The phone comparison
Phones are, let's face it, not exactly the best shape for shooting photos and videos - although they do have a rather handy EVF (Electronic View Finder) on one side. But they are ideal for computational imaging. And this is it in a nutshell: if you combine extremely powerful processing with an imaging system that's constrained by size and shape, you get the perfect use case for using a computer to improve an image.
And this is exactly what modern phones do. They can improve noise and combine multiple images from the same lens to make a picture that's very much better than could have been achieved otherwise. Combining images reduces noise - because you can average the same pixel across several "frames".
Even this is more complicated than it seems, because in order to combine images, they have to be aligned, and that's not likely to happen with a handheld phone. So the next stage is to find corresponding pixels on consecutive pictures and move and crop one or the other until the scenes match completely.
Even though this is quite laborious, modern phones do it in the background so well that we don't even notice it. We just see a surprisingly good picture.
Beyond this, phones are starting to use AI and Machine Learning to improve the lighting in a scene after the picture's been taken. It's almost as if the system compares your picture with its own "knowledge" of how an ideal picture should look, and adjusts it to make it closer to the idealised image.
Cameras with multiple lenses are able to provide even more information to the computational imaging systems, so they'll allow an artifically optimised depth of field, as well as even more resolution as the images from each of the lenses is adopted into a final "composite" image.

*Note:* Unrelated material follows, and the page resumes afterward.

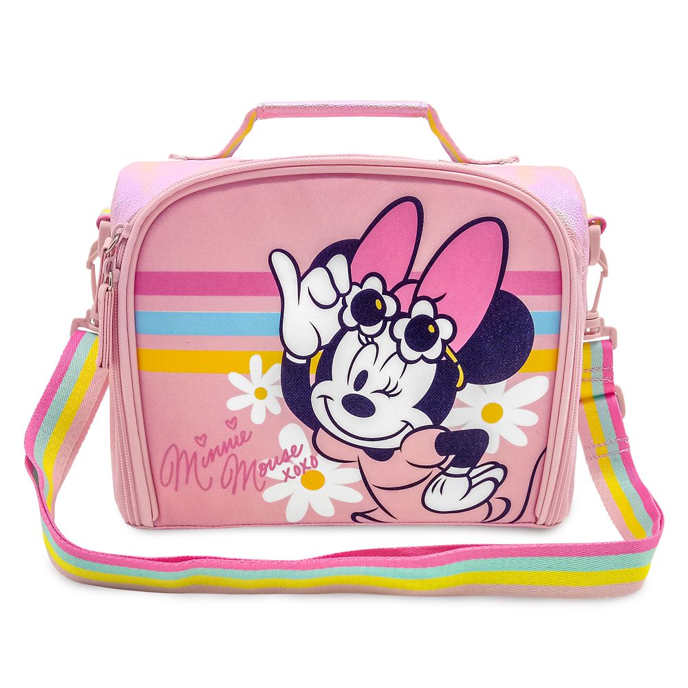 Minnie Mouse brings colorful style and structured storage to our so-sweet lunch tote. The front features our first lady of fashion giving a knowing wink, while the rainbow details and removable shoulder strap make this insulated tote a delightful lunchtime accessory.

What's striking is that we're only just at the beginning of the era of computational imaging. To take things to an extreme length, it's theoretically possible that if you know the optical transfer function of a beer glass, with enough processing power and resolution in the sensor, you'll get a good image from that too.
More realistically, the more information you can present to a computational imaging system, the better the potential results, and there are almost no constraints on how that information gets there. It might be from multiple cameras, or multiple lenses on the same cameras. Pretty soon, with the help of AI, we're going to be able to accurately and convincingly be able to move the camera position in post production. It's just a matter of interpolating between multiple camera angles. You can't do this with conventional calculations alone: it would need the help of an AI system. But that's exactly what optically-trained AI systems will be able to do very soon.
We're on the threshold of not just one, but several revolutions in imaging, all of which are bigger than anything we've seen before.
So, there's one unavoidable question: should lens manufacturers be worried? My feeling is not unduly. Artists - and people in general - love the feel of "things", and treasure the characteristics of tools that have character. Lenses aren't going to go away, but computational imaging will fill in the gaps in what we're able to do with imaging in ways that we're only beginning to see today.